Hacker News new | ask | show | jobs
by j_baker 5341 days ago
I'm calling troll.

Having a serious discussion about NoSQL databases begs the exact same question as having a serious discussion about cancer: what kind would you like to have a serious discussion about?

I think the most important lesson we can learn from NoSQL in general is that the idea of a one-size-fits-all database is becoming dated. NoSQL databases certainly don't solve the problems the author points out, and they probably never will. In fact that's the point. By not solving one set of problems, you allow yourself to solve another set of problems.

How about we use databases to solve the problems they were meant to solve, rather than basing our choices on whatever the popular opinion is at the moment.

1 comments

"I think the most important lesson we can learn from NoSQL in general is that the idea of a one-size-fits-all database is becoming dated."

For programming languages, using the "right tool for the job" has little downside. Perhaps the developers need to learn an extra language, or perhaps there is some communication overhead between them. But unless the components are tightly-coupled, there's not much of a loss.

In contrast, the value of the whole data is greater than the sum of the parts. If you have a website selling products and an inventory management system and an automatic price-setting tool, it's hard to use a different DBMS for each one.

Even for data sets that seem unrelated at first, there may be a lot of value in the small connections between them. This is becoming increasingly apparent and companies are trying very hard to see these connections. Being in separate systems just makes that more difficult.

So, there are good reasons to use multiple database systems, but there is also a much higher cost. Saying "use the right tool for the job" doesn't give any guidance about when it's worth the cost and when it's not.

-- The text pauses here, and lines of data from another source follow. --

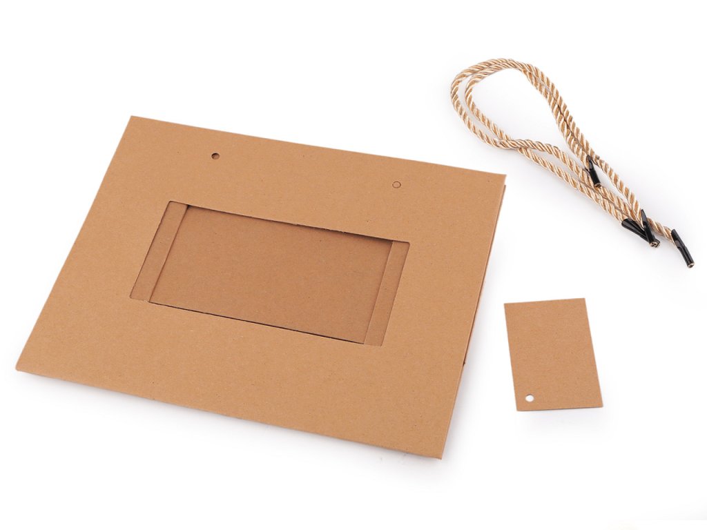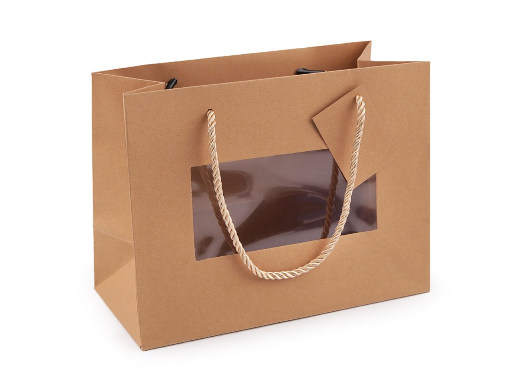 Dárková taška je vyrobená z kvalitního pevného papíru, z přední strany ji zdobí plastový průhled. Ucha jsou z kroucené saténové šňůry, najdete na nich papírovou jmenovku.
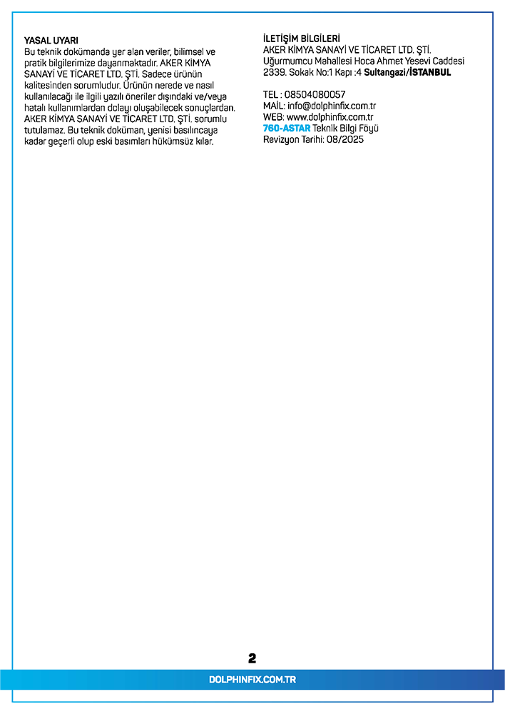 TANIMI: 760-ASTAR, Iki bilesenli, solventsiz ve saydam epoksi astar; atmosferik ortamlarda beton zemin ve duvarlara yüksek yapısma saglayarak zemin kaplamalarında kullanılır.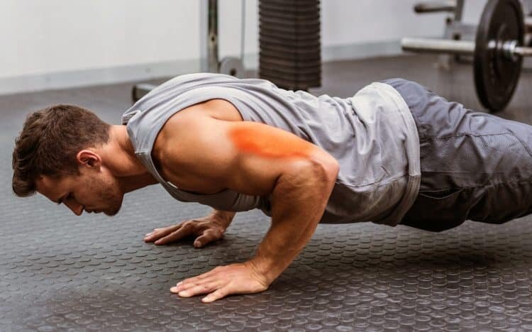 Совет: не отводите лопатки назад и держите плечи прямо на протяжении всего упражнения. При выполнении этого упражнения вполне нормально чувствовать легкую стимуляцию грудной клетки. Однако избегайте разгибания локтей, так как это перенесет напряжение с трицепсов на грудь и плечи.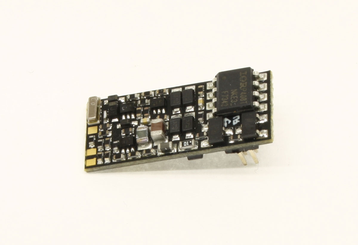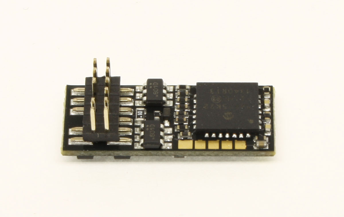 Zimo Ankündigung vom Janaar 2012: Ein Decoder mit 12-poliger PluX-Schnittstelle, 20 x 8,5 x 3 mm, also schmal genug, dass er in alle Fahrzeuge hineinpasst, egal wie die Schnittstellen-Definition 'interpretiert' wird (indem der Decoder nicht breiter als der Stecker selbst ist). Motor- bzw. Gesamtstrom 1 A, 4 Funktions-Ausgänge, vollständiger ZIMO Feature-Satz. Dieser Typ wird gleichzeitig das ZIMO Decoder-Programm in preislicher Hinsicht nach unten abrunden, d.h. günstiger als der beliebte MX630 angeboten werden können. 4 Ausführungen: neben dem 12-poligen PluX auch bedrahtete Varianten NEM652, NEM651, und freie Enden.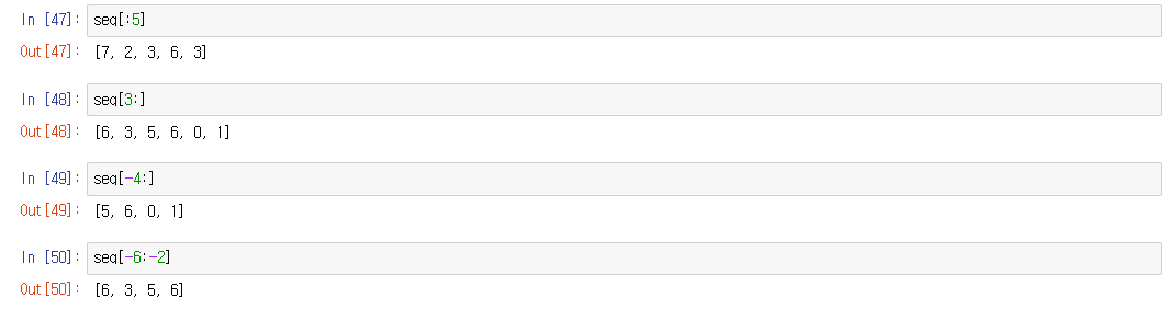 seq[3:] -> 4번째부터 마지막 값까지 리스트 추출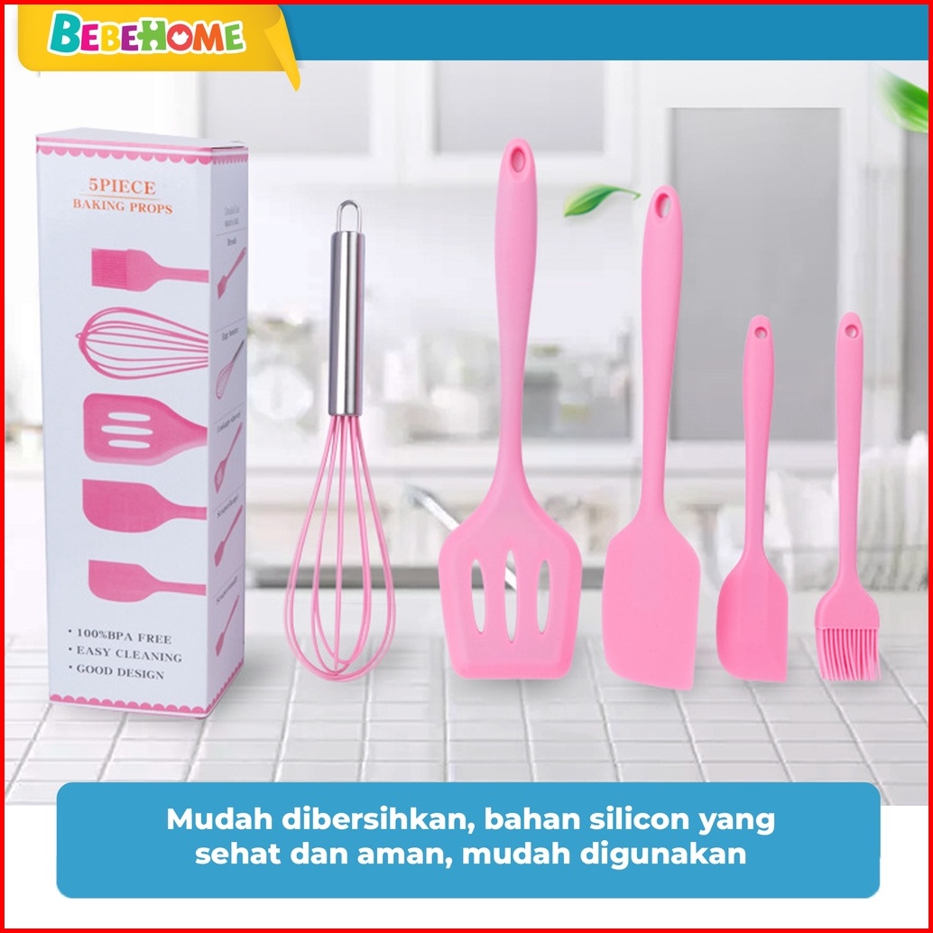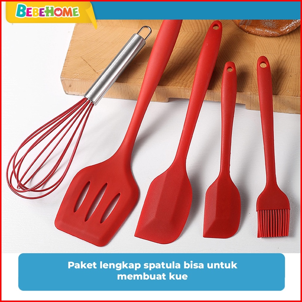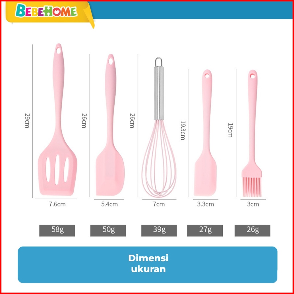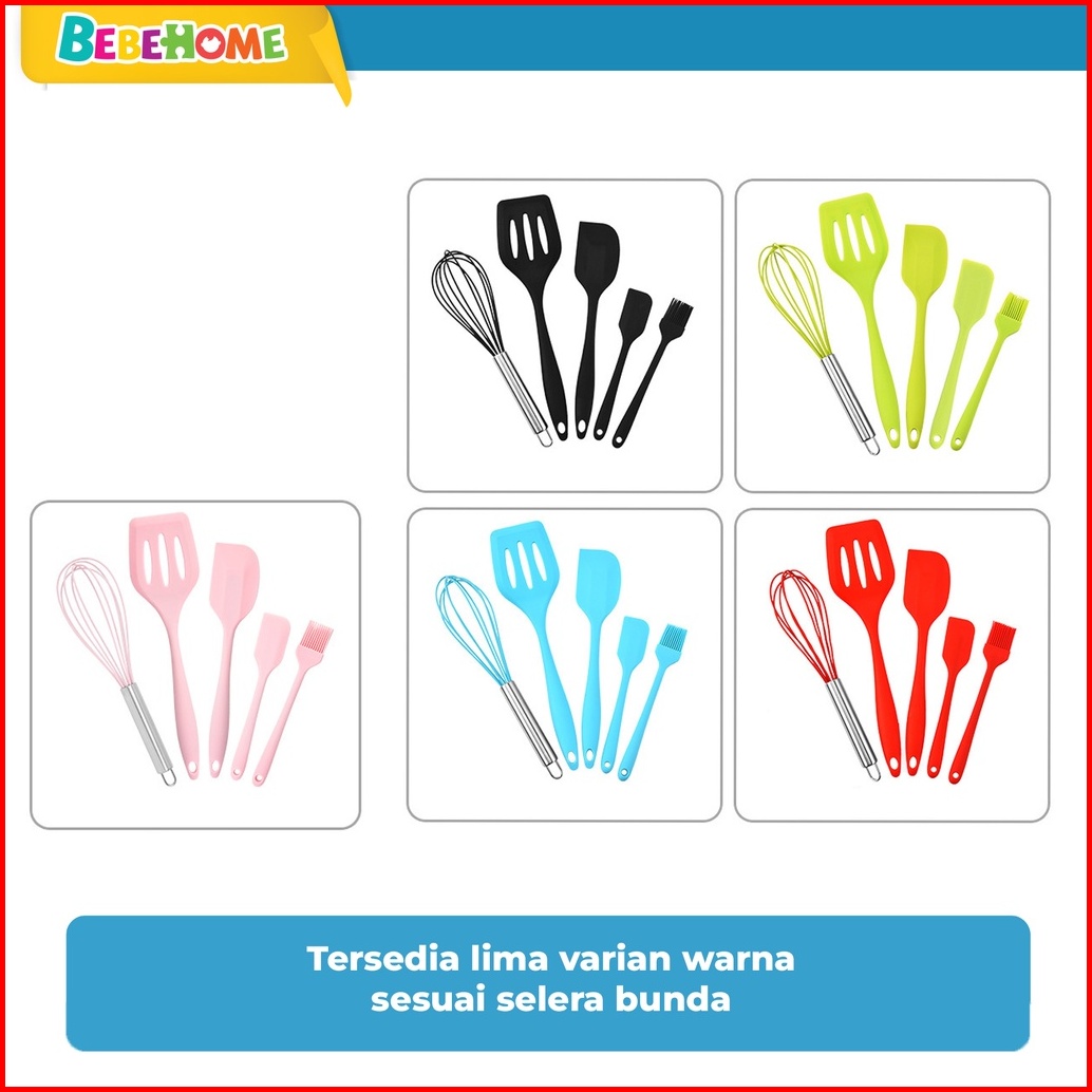 Bebehome Set Spatula Sutil Silikon Non Stick Cooking Tools Isi 5 Pcs Peralatan Masak Dapur Spatula Silikon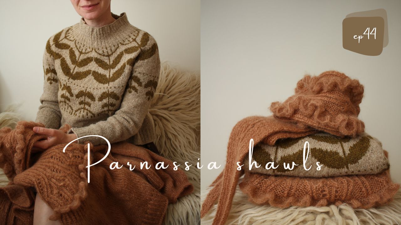 episode 44A quick catch up on my most recent projects: a newly finished second sample of chunky Parnassia pullover and two cute mini Parnassia shawls.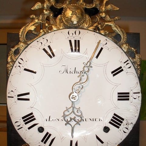 Comtoise-ure signeret omkring 1850, Frankrig, i god stand med let aldersslitage; mekanisk værk med 8-dages gangreserve og klang hver halve time ved en bronze klokke; bemærk: balancer og vægt mangler

I think you're mixing concerns a bit. For data warehousing purposes, I agree that it's absolutely preferable to have all the data in one place (like hadoop/HDFS).

For production OLTP stuff, I'd argue that it's a bad idea to do the kind of processing you're talking about in the database unless you can avoid it. Beyond the performance implications, you'll likely have to alter your schema in unnatural ways that you wouldn't otherwise.

Now, I absolutely agree that you need to do a cost/benefit analysis and that there are costs associated with having multiple databases. But I don't think those costs are as high as they would appear on first intuition.

I think you can run into problems in OLTP, as well. To stick with the example, you have three systems: sales from the website, price-setting tool, and inventory system.

Should the sale happen at all? Not if the inventory is depleted. Sure, you can put it on back-order, but then you have an unhappy customer.

At what price should the sale happen? It would be nice if you could automatically raise prices when the inventory drops below 10 units (which may indicate a demand spike or a supply interruption), for example. If you don't raise prices soon enough, you're more likely to run into a depleted inventory, again making the customer unhappy.

And what if you encounter an error moving data between systems? The customer thinks the sale happened, but it wasn't (or couldn't be) loaded into the inventory system for some reason. The customer will call a week later asking why it still isn't shipped, the service rep will be clueless trying to trace between the systems, and ultimately the customer will be unhappy.

(Just to be clear: properly integrated data management may still be done with multiple systems. But it's harder.)